If the chromosome pairs fail to separate properly during cell division, the egg or sperm may end up with a second copy of one of the chromosomes. (See non-disjunction.) If such a gamete results in fertilization and an embryo, the resulting embryo may also have an entire copy of the extra chromosome.


The number of chromosomes in the cell where trisomy occurs is represented as, for example, 2n+1 if one chromosome shows trisomy, 2n+1+1 if two show trisomy, etc.[2]

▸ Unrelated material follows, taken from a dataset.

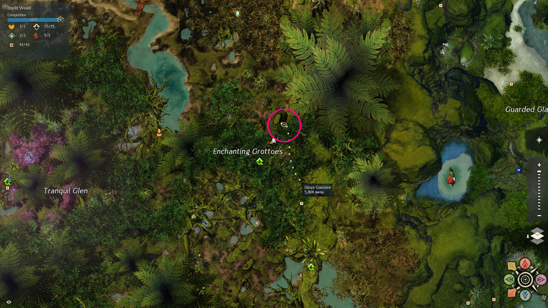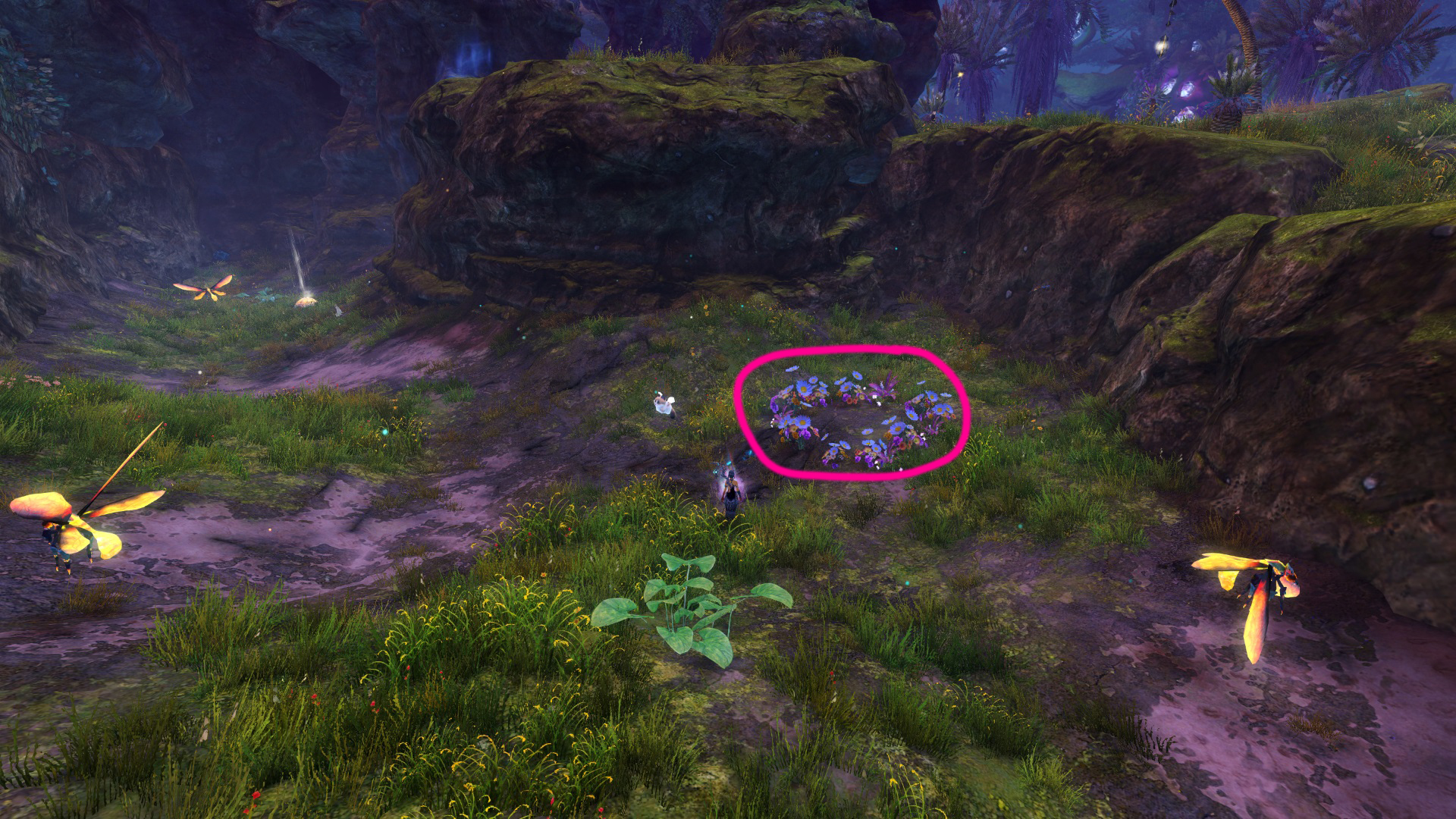 Go to the Foothold Bivouac Waypoint – [&BMAPAAA=], then head northeast. You’ll find the wildflower in a cave at the Choya Conclave point of interest – [&BNQPAAA=], with the wildflower ring just outside the cave to the north.

“Full trisomy”, also called “primary trisomy”,[2] means that an entire extra chromosome has been copied.
“Partial trisomy” means that there is an extra copy of part of a chromosome.
“Secondary trisomy” – the extra chromosome has quadruplicated arms (the arms are identical; it is an “isochromosome”).[2] “Tertiary trisomy” – the extra chromosome is made up of copies of arms from two other chromosomes.[2]

Trisomies are sometimes characterised as “autosomal trisomies” (trisomies of the non-sex chromosomes) and “sex-chromosome trisomies.” Autosomal trisomies are described by referencing the specific chromosome that has an extra copy.[citation needed] Thus, for example, the presence of an extra chromosome 21, which is found in Down syndrome, is called trisomy 21.